Stream.toList() 会比 Collectors.toList() 表现更好吗
Would Stream.toList() perform better than Collectors.toList()
JDK 正在引入 API Stream.toList()
with JDK-8180352。这是我试图将其性能与现有 Collectors.toList
:
进行比较的基准测试代码
@BenchmarkMode(Mode.All)
@Fork(1)
@State(Scope.Thread)
@Warmup(iterations = 20, time = 1, batchSize = 10000)
@Measurement(iterations = 20, time = 1, batchSize = 10000)
public class CollectorsVsStreamToList {
@Benchmark
public List<Integer> viaCollectors() {
return IntStream.range(1, 1000).boxed().collect(Collectors.toList());
}
@Benchmark
public List<Integer> viaStream() {
return IntStream.range(1, 1000).boxed().toList();
}
}
结果汇总如下:
Benchmark Mode Cnt Score Error Units
CollectorsVsStreamToList.viaCollectors thrpt 20 17.321 ± 0.583 ops/s
CollectorsVsStreamToList.viaStream thrpt 20 23.879 ± 1.682 ops/s
CollectorsVsStreamToList.viaCollectors avgt 20 0.057 ± 0.002 s/op
CollectorsVsStreamToList.viaStream avgt 20 0.040 ± 0.001 s/op
CollectorsVsStreamToList.viaCollectors sample 380 0.054 ± 0.001 s/op
CollectorsVsStreamToList.viaCollectors:viaCollectors·p0.00 sample 0.051 s/op
CollectorsVsStreamToList.viaCollectors:viaCollectors·p0.50 sample 0.054 s/op
CollectorsVsStreamToList.viaCollectors:viaCollectors·p0.90 sample 0.058 s/op
CollectorsVsStreamToList.viaCollectors:viaCollectors·p0.95 sample 0.058 s/op
CollectorsVsStreamToList.viaCollectors:viaCollectors·p0.99 sample 0.062 s/op
CollectorsVsStreamToList.viaCollectors:viaCollectors·p0.999 sample 0.068 s/op
CollectorsVsStreamToList.viaCollectors:viaCollectors·p0.9999 sample 0.068 s/op
CollectorsVsStreamToList.viaCollectors:viaCollectors·p1.00 sample 0.068 s/op
CollectorsVsStreamToList.viaStream sample 525 0.039 ± 0.001 s/op
CollectorsVsStreamToList.viaStream:viaStream·p0.00 sample 0.037 s/op
CollectorsVsStreamToList.viaStream:viaStream·p0.50 sample 0.038 s/op
CollectorsVsStreamToList.viaStream:viaStream·p0.90 sample 0.040 s/op
CollectorsVsStreamToList.viaStream:viaStream·p0.95 sample 0.042 s/op
CollectorsVsStreamToList.viaStream:viaStream·p0.99 sample 0.050 s/op
CollectorsVsStreamToList.viaStream:viaStream·p0.999 sample 0.051 s/op
CollectorsVsStreamToList.viaStream:viaStream·p0.9999 sample 0.051 s/op
CollectorsVsStreamToList.viaStream:viaStream·p1.00 sample 0.051 s/op
CollectorsVsStreamToList.viaCollectors ss 20 0.060 ± 0.007 s/op
CollectorsVsStreamToList.viaStream ss 20 0.043 ± 0.006 s/op
当然,领域专家的第一个问题是基准程序是否正确?测试 class 在 MacOS 上执行。
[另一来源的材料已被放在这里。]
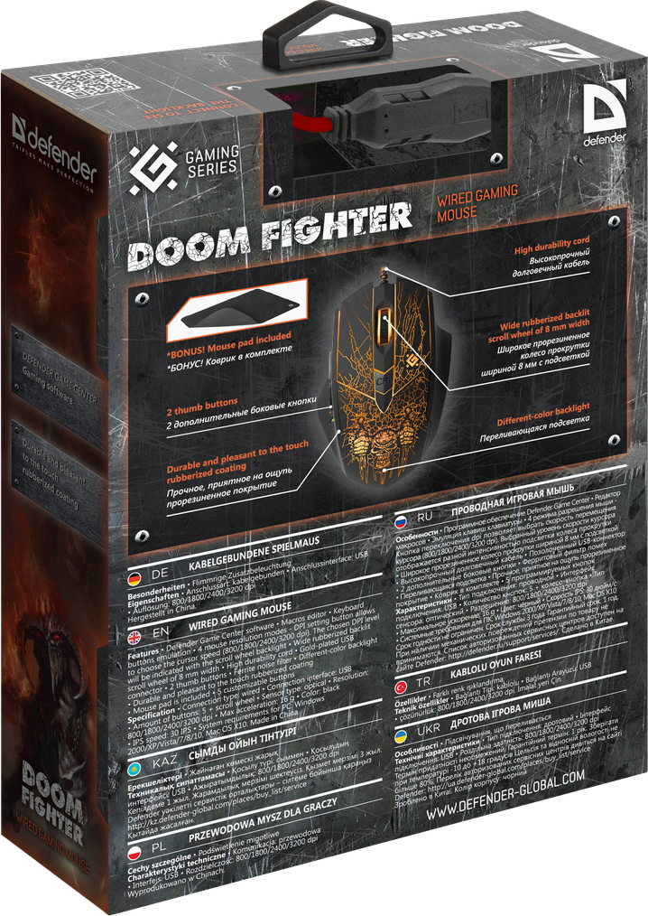 Характеристики Миша Defender Doom Fighter GM-260L Gaming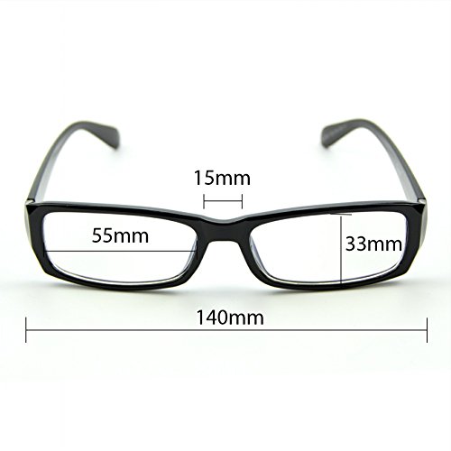 Lens width: 55mm, Lens height: 33mm, Bridge: 15mm, Frame total: 140mm.No degree, suitable for teenagers, students, drivers, gamers, middle-aged and elderly.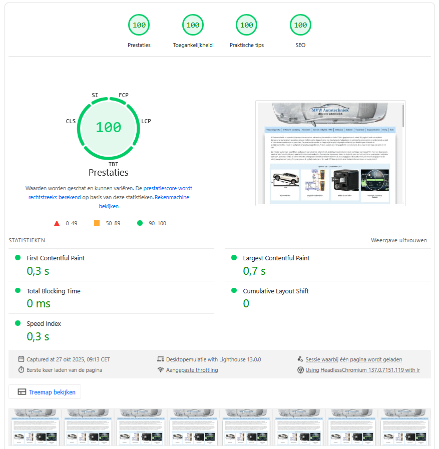 De website is geoptimaliseerd door middel van het lokaal laden van lettertypen en deze preloaden, afbeeldingen in moderne bestandsformaten geoptimaliseerd, cache-instellingen geoptimaliseerd, onnodige functies van plugins uitgeschakeld om deze geen resources te laten verbruiken, etc.
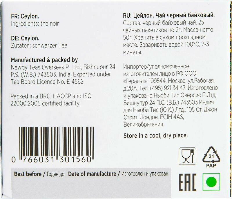 Сервис сравнения цен СкидкаГИД предлагает сравнить цены на товар «Чай Newby Ceylon черный классический 25пак. карт/уп.»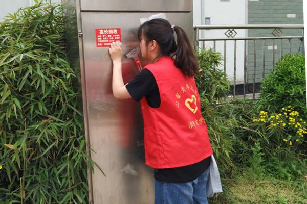 为了保证活动高效有序的进行,志愿者们根据实际情况进行合理的分工与合作。首先,志愿者们对社区内楼道、背街小巷、沿街店面墙上的小广告进行集中的清理和整治。接着,志愿者们手拿铲子针对指定区域开展全面的清理工作。经过大家的不懈努力,清理小广告行动取得了初步的成效,社区环境也得到了明显的改善。 社区里各种颜色的自行车随意的停放在街道上,有的甚至倒在地上。见到此景,志愿者们主动将自行车进行有序的排列,将靠在路边、树边的单车重新归位,居民不禁投来赞赏的目光。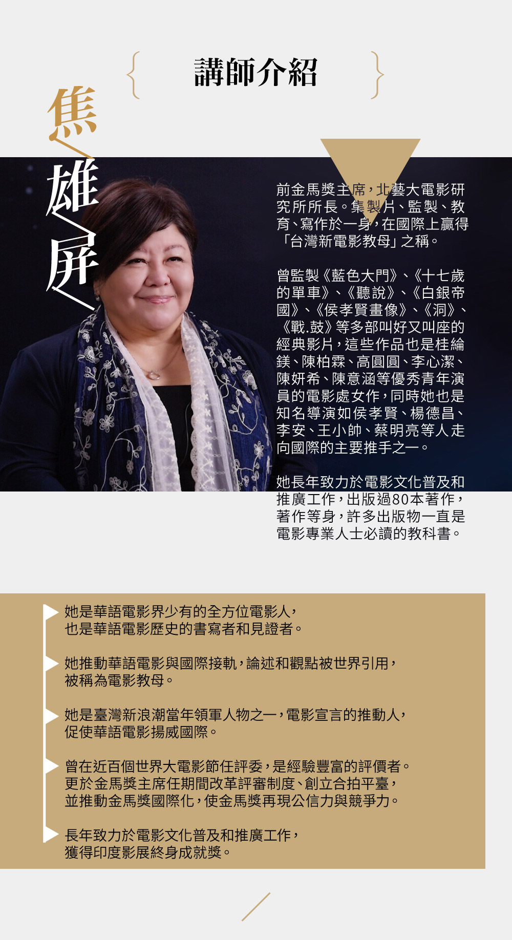前金馬獎主席、北藝大電影研究所所長

如果需要任何进一步的详细信息,请告诉我。
后续,据我从读数中推断,Stream.toList
的平均时间、吞吐量和采样时间看起来比Collectors.toList
好。这样理解对吗?
Stream::toList
建立在 toArray
之上,而不是 collect
。 toArray
中有许多优化使其可能比收集更快,尽管这在很大程度上取决于细节。如果流管道(从源到最终的中间操作)是 SIZED
,则目标数组可以预先确定大小(而不是像 toList
收集器必须做的那样可能重新分配。)如果管道进一步 SUBSIZED
,那么并行执行不仅可以预先确定结果数组的大小,还可以计算精确的每个分片偏移量,因此每个子任务都可以将其结果放在正确的位置,从而无需将中间结果复制到最终结果中。
因此,根据详细信息,toList
可能比 collect
快得多。
JDK 正在引入 API Stream.toList()
with JDK-8180352。这是我试图将其性能与现有 Collectors.toList
:
@BenchmarkMode(Mode.All)
@Fork(1)
@State(Scope.Thread)
@Warmup(iterations = 20, time = 1, batchSize = 10000)
@Measurement(iterations = 20, time = 1, batchSize = 10000)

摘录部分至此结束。